D.C. officials are investigating what caused a
partially demolished wall to collapse onto a
sidewalk barrier built to protect pedestrians from
construction for a new retail and residential
complex along Wisconsin Avenue Thursday.
WASHINGTON – A wall collapsed at a demolition project along a busy D.C. sidewalk Thursday morning and it is raising safety questions.
Contractors were tearing down the wall of an old Giant supermarket in the 3300 block of Wisconsin Avenue in Northwest Washington when the wall fell.
A D.C. official says workers were trying to pull the wall into the construction site when part of it fell the other way, crushing part of a wooden structure built to protect the sidewalk and knocking down a traffic light.
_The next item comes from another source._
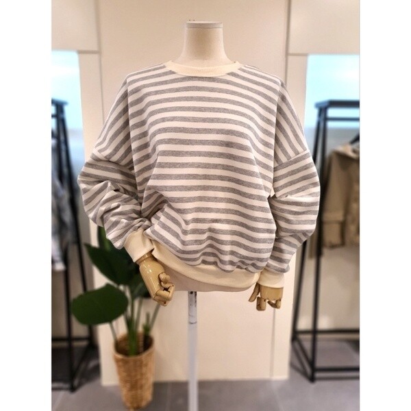 KKTSOB01GR_스트라이프 기모 맨투맨 그레이

No one was on that part of the sidewalk at the time and no one was injured. The rest of sidewalk along the construction site was shut down while an inspector review what happened.
Although initial reports indicated the sidewalk was not closed to pedestrians before the demolition, ANC Commissioner Carl Roller said in an email Friday that he spoke with the developer and was assured pedestrian traffic was stopped during the wall removal.
“This was to ensure that during this delicate phase of the demolition, there was no danger to the public and minimal damage to the immediately adjacent structures,” Roller relayed.
The old supermarket, a bank, a drug store and several retail stores are being demolished to prepare for a massive commercial and residential redevelopment project near Newark Street.